Researchers say living in a city increases the risk of developing a mental disorder, including depression and schizophrenia, compared to people who live in non-urban areas. The findings of the new study have implications for around half of the world's population who live in cities.

Previous studies have showed that city dwellers are 21 percent more likely than non-urban residents to develop an anxiety disorder and they have a 39 percent greater risk of for being diagnosed with a mood disorder.

There is even an increased risk of the brain disorder schizophrenia, in which patients suffer from delusions and hallucinations. Experts say the incidence of schizophrenia among those who are born and raised in cities is about two times that of people who live in non-urban areas.

Social scientists have argued that exposure to daily stress - such as traffic and toxic pollution - is responsible for the increased risk of mental illness among city dwellers, according to Jens Pruessner, director of McGill University's Centre for Studies in Aging in Montreal, Canada.

"Stress is of course defined in many different ways but one way to capture it is to say what are the daily hassles that you have to cope with? And you could imagine that if you live in the city, those might be by a large proportion as compared to someone who lives in a more rural environment," he said.

Pruessner's Center developed something called the Montreal Imaging Stress Task, or MIST, which was used as the protocol for a study of healthy German volunteers.

Participants were asked to do mathematical calculations while researchers took pictures of their brains using sophisticated imaging technology, and compared the brain images of volunteers who came from a city of more than 100,000 residents to those of volunteers who lived in rural areas.

Researchers found that urban living was associated with a greater stress response in a brain region called the amygdala, which is involved with emotional regulation and mood. And second brain region, called the cingulate cortex, which is associated with negative mood and stress, was found to be more activated in people who were brought up in cities, according to Pruessner.

"So even if you no longer live in the city but if you lived for the fifteen years of your life in the city, then this structure remains to be sensitized to stress," he said.

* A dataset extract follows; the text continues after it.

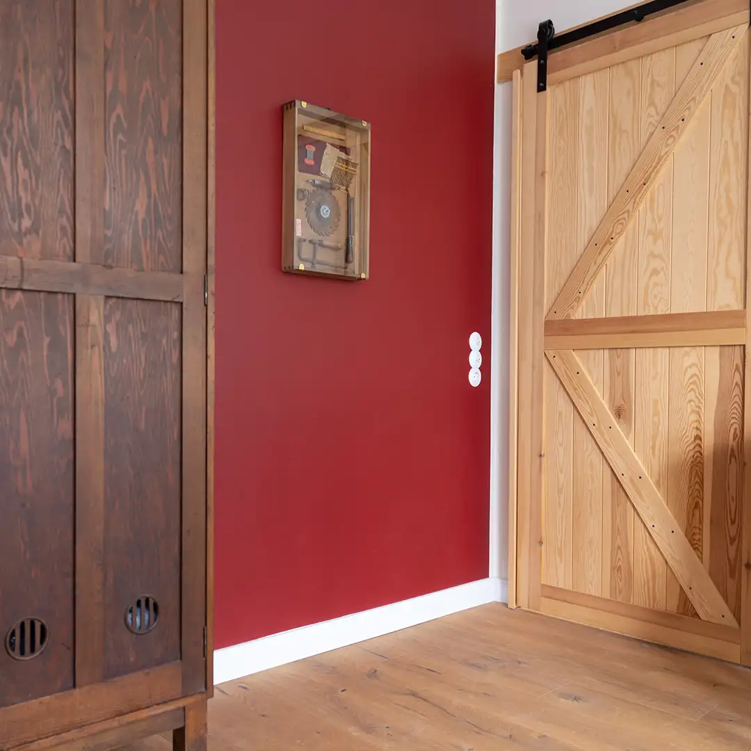 Das Doppelzimmer ist unser kleinstes Zimmer. Das sichtbare Mauerwerk, die Stalltür, der Spind und die alte Badewanne sind ein Highlight.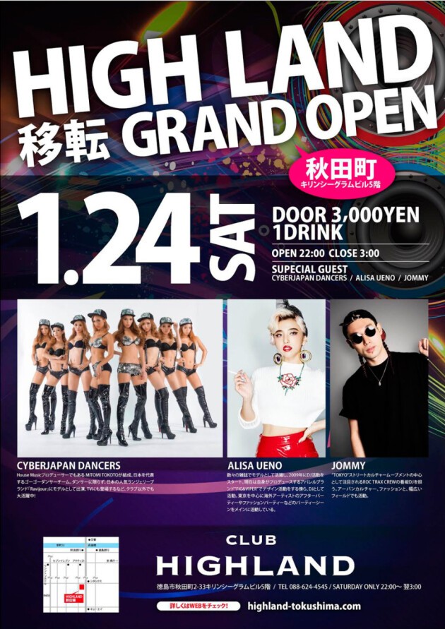 CLUB HIGHLAND移転グランドオープン、最大500人収容 四国最大級のフロア。ハイランド徳島。

Both the amygdala and cingulate are known to be affected in people with mood disorders.
Pruessner says future research will focus on potential gender differences in how men and women process stress and how that might play a role in mental illness. "Women typically respond less strongly to stress. At the same time if men do get affected, then their disease progression for schizophrenia seems to be worse," he said.

An article describing the association between urban stress and mental disorders is published in the journal Nature.